● **The task**
Once the line with "27.33 美元,上涨 0.38%。" is found in the entries below, print it and each following line exactly, stopping after the line with "上周市场情况如图,还是以调整"; print nothing else.

● **Supplied material**

※

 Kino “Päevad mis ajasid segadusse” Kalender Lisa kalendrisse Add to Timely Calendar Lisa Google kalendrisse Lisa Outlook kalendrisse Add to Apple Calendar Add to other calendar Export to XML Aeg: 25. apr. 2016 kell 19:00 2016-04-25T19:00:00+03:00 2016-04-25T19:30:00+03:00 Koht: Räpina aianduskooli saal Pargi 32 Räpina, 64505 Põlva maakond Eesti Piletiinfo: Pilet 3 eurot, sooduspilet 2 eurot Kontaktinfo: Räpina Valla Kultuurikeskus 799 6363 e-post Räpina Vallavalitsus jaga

※

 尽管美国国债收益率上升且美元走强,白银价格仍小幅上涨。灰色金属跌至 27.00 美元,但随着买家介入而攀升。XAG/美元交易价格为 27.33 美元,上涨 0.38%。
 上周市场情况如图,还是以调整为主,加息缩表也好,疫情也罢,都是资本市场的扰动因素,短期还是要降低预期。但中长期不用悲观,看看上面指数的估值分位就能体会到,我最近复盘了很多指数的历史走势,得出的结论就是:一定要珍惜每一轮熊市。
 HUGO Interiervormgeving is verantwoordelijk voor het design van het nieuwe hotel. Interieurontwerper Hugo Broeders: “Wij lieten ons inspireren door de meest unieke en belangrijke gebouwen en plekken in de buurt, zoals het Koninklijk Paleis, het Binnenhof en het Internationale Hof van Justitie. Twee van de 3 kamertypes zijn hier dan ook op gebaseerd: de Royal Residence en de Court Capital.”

※

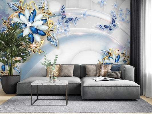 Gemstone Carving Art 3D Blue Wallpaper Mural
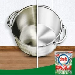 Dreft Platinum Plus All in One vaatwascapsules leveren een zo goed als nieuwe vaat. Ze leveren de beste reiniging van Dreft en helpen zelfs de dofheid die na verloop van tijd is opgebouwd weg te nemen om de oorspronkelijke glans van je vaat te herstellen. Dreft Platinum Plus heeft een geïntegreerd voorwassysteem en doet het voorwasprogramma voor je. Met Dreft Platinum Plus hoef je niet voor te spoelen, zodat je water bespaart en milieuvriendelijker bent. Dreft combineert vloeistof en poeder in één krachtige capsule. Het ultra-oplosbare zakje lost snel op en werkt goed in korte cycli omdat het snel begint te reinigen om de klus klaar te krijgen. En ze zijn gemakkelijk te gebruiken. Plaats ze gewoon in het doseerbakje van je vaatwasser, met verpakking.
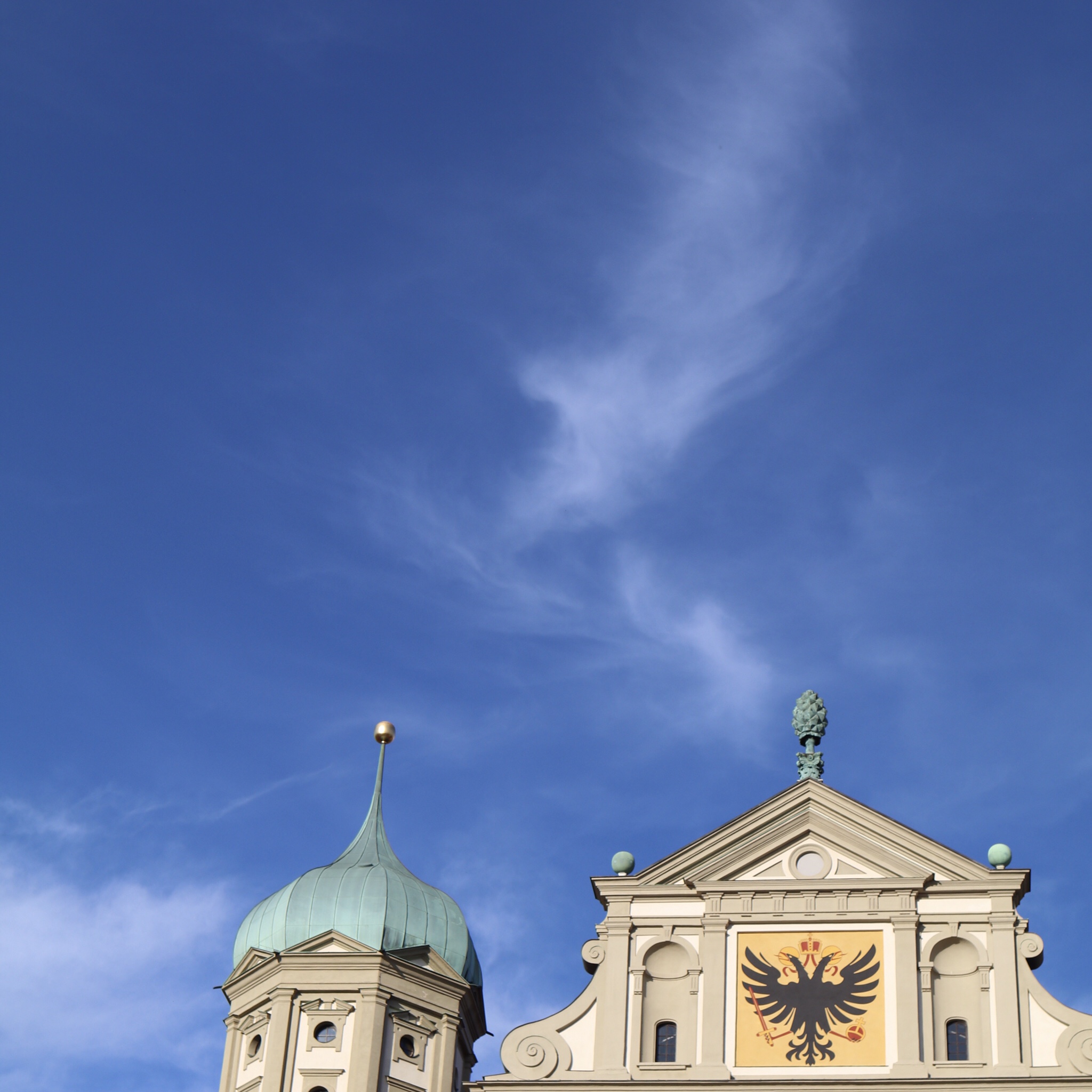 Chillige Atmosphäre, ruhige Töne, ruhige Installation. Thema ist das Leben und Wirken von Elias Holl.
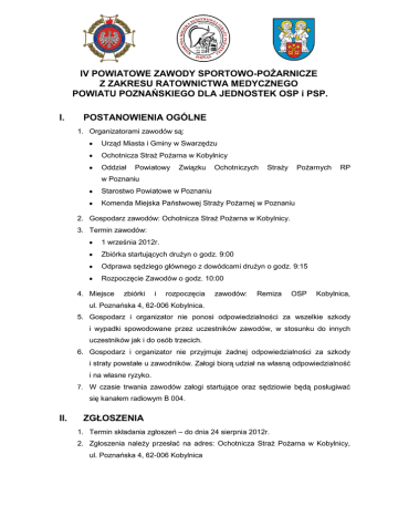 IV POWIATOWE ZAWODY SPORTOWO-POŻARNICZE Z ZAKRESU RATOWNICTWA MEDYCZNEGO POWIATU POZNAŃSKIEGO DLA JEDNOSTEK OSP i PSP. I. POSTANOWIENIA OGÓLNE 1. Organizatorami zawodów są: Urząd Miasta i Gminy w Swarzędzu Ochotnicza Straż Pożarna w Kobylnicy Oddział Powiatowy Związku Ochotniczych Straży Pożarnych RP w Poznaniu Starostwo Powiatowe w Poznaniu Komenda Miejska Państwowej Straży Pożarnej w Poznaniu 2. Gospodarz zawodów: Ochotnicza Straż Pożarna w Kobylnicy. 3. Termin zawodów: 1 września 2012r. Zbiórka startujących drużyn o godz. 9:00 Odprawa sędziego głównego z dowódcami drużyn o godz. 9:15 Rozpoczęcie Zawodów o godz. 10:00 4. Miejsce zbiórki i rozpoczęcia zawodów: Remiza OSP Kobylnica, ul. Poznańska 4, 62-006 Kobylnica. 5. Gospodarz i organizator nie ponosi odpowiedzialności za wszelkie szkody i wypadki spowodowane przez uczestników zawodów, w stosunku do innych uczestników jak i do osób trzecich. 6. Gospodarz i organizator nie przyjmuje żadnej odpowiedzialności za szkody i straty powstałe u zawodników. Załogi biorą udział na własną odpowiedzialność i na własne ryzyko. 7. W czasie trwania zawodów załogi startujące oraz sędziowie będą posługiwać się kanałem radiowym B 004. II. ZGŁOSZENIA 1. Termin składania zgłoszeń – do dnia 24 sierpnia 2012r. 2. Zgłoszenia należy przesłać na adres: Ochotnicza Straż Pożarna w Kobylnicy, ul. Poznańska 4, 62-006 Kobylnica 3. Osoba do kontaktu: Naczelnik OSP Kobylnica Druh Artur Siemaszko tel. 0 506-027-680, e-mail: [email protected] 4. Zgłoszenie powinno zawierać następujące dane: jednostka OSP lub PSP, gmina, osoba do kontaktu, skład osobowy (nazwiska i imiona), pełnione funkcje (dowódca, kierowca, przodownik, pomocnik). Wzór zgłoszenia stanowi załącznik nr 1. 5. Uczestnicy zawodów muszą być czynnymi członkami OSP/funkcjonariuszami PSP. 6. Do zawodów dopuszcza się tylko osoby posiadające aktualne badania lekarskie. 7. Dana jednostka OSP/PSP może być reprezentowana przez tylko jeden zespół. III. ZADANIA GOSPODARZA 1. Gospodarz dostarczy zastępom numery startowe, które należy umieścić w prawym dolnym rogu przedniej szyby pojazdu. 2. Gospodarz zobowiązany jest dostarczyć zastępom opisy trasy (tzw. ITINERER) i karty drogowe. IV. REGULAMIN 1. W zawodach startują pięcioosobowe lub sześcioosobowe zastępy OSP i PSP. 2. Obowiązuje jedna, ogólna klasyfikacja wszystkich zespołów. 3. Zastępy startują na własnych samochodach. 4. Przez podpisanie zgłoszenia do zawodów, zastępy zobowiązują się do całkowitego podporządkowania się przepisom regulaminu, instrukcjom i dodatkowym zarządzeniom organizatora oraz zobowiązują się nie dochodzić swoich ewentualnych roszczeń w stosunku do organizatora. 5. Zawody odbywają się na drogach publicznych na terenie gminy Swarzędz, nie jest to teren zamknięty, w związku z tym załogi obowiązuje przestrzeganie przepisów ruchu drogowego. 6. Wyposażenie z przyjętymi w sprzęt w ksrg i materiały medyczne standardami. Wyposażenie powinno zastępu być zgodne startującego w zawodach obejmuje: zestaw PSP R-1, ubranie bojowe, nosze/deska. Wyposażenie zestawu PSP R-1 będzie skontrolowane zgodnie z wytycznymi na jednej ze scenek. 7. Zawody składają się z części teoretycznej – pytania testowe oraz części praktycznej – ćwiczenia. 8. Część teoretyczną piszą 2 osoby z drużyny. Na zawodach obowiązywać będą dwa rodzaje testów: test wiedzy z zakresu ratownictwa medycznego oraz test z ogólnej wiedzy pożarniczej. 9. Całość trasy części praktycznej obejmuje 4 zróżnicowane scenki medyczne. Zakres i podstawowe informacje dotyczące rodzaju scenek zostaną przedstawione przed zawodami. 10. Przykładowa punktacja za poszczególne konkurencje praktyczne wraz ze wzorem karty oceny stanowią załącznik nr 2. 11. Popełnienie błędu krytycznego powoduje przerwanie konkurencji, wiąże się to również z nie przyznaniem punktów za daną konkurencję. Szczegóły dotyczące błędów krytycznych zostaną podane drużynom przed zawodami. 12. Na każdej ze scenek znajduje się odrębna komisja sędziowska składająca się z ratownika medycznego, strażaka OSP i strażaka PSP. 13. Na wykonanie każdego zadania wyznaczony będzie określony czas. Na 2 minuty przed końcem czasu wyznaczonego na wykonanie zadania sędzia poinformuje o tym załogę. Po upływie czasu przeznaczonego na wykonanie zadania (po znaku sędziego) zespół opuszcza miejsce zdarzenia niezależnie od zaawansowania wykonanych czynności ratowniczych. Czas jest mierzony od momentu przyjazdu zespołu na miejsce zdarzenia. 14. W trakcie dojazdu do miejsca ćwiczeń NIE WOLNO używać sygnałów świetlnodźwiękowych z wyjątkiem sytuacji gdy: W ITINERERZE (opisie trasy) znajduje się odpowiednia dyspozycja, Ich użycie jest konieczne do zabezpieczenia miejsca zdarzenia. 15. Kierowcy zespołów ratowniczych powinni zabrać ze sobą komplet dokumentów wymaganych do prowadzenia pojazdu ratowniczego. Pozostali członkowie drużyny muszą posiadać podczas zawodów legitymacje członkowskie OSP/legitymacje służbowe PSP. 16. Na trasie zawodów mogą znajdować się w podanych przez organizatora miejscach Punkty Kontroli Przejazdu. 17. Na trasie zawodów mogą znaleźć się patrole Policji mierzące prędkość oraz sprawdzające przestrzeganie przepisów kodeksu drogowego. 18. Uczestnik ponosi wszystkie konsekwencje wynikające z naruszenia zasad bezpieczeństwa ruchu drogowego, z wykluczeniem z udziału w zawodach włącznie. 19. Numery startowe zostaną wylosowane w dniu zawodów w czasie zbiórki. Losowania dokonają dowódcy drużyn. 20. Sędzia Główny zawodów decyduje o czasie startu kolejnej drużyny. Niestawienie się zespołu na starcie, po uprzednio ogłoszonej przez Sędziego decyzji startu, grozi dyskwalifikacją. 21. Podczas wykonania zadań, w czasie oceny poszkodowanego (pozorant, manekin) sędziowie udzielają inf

※

● **Result of the exercise**
 尽管美国国债收益率上升且美元走强,白银价格仍小幅上涨。灰色金属跌至 27.00 美元,但随着买家介入而攀升。XAG/美元交易价格为 27.33 美元,上涨 0.38%。
 上周市场情况如图,还是以调整为主,加息缩表也好,疫情也罢,都是资本市场的扰动因素,短期还是要降低预期。但中长期不用悲观,看看上面指数的估值分位就能体会到,我最近复盘了很多指数的历史走势,得出的结论就是:一定要珍惜每一轮熊市。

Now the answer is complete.